_COLLECTED DATA_
------------------------------------------------------------------------

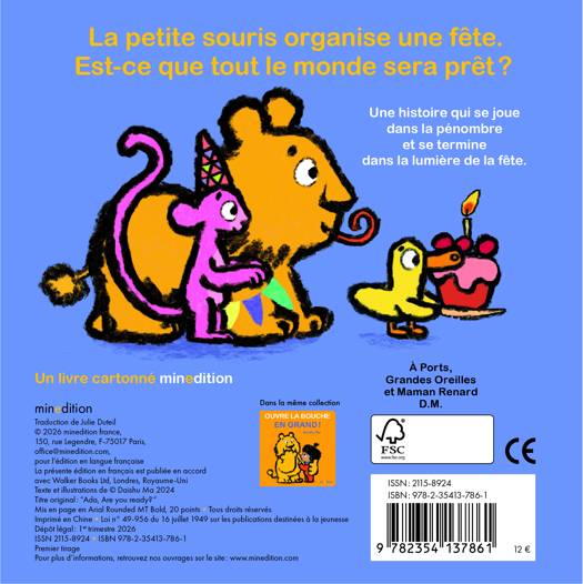 Au début, tout est noir. Avec sa lampe de poche, la souris cherche ses amis… Dans l’ombre, elle trouve le lion. Est-il prêt ? Et l’éléphant, est-il prêt lui aussi ? Car une surprise se prépare !
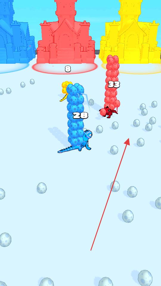 2、带着收集好的龙蛋,朝着其他颜色的敌方角色移动,移动时留意场景中的阻碍,保持移动方向,为后续的对战做好准备。
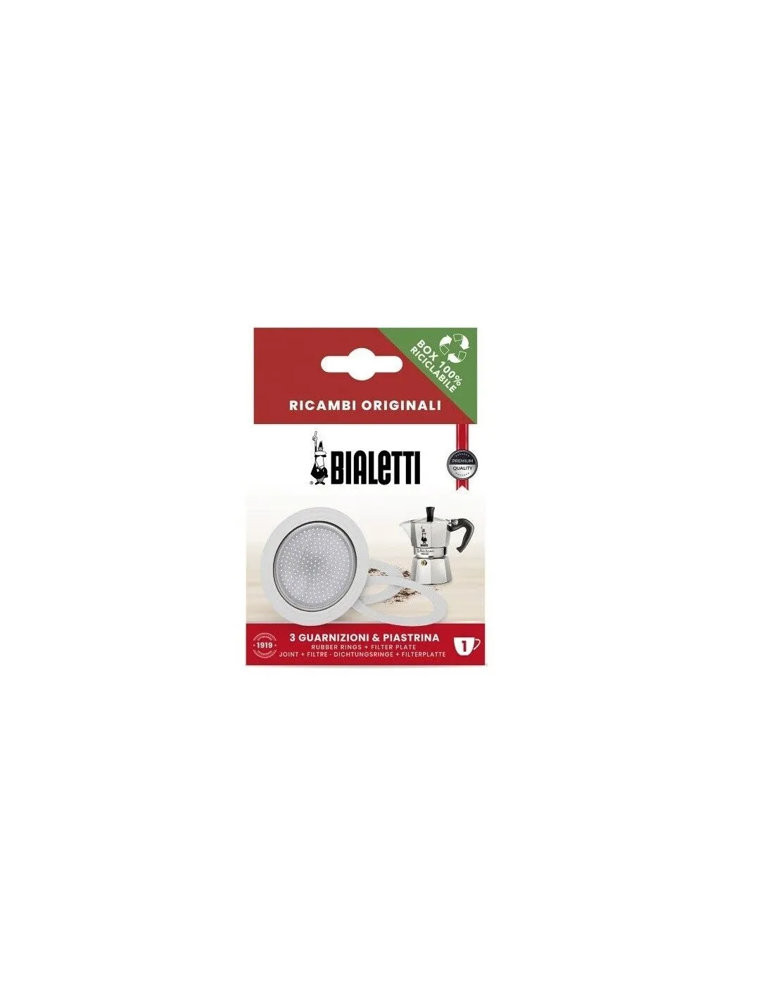 Sada 3 náhradných gumových tesnení s náhradným sitkom pre hliníkové moka konvice Bialetti s objemom 1 šálka.

------------------------------------------------------------------------

_YOUR ASSIGNMENT_
Once the line containing "2、带着收集好的龙蛋,朝着其" is found, transcribe it and the rest of the lines to the end of the listing above exactly, omitting all pictures.

_TASK RESPONSE_
 2、带着收集好的龙蛋,朝着其他颜色的敌方角色移动,移动时留意场景中的阻碍,保持移动方向,为后续的对战做好准备。
 Sada 3 náhradných gumových tesnení s náhradným sitkom pre hliníkové moka konvice Bialetti s objemom 1 šálka.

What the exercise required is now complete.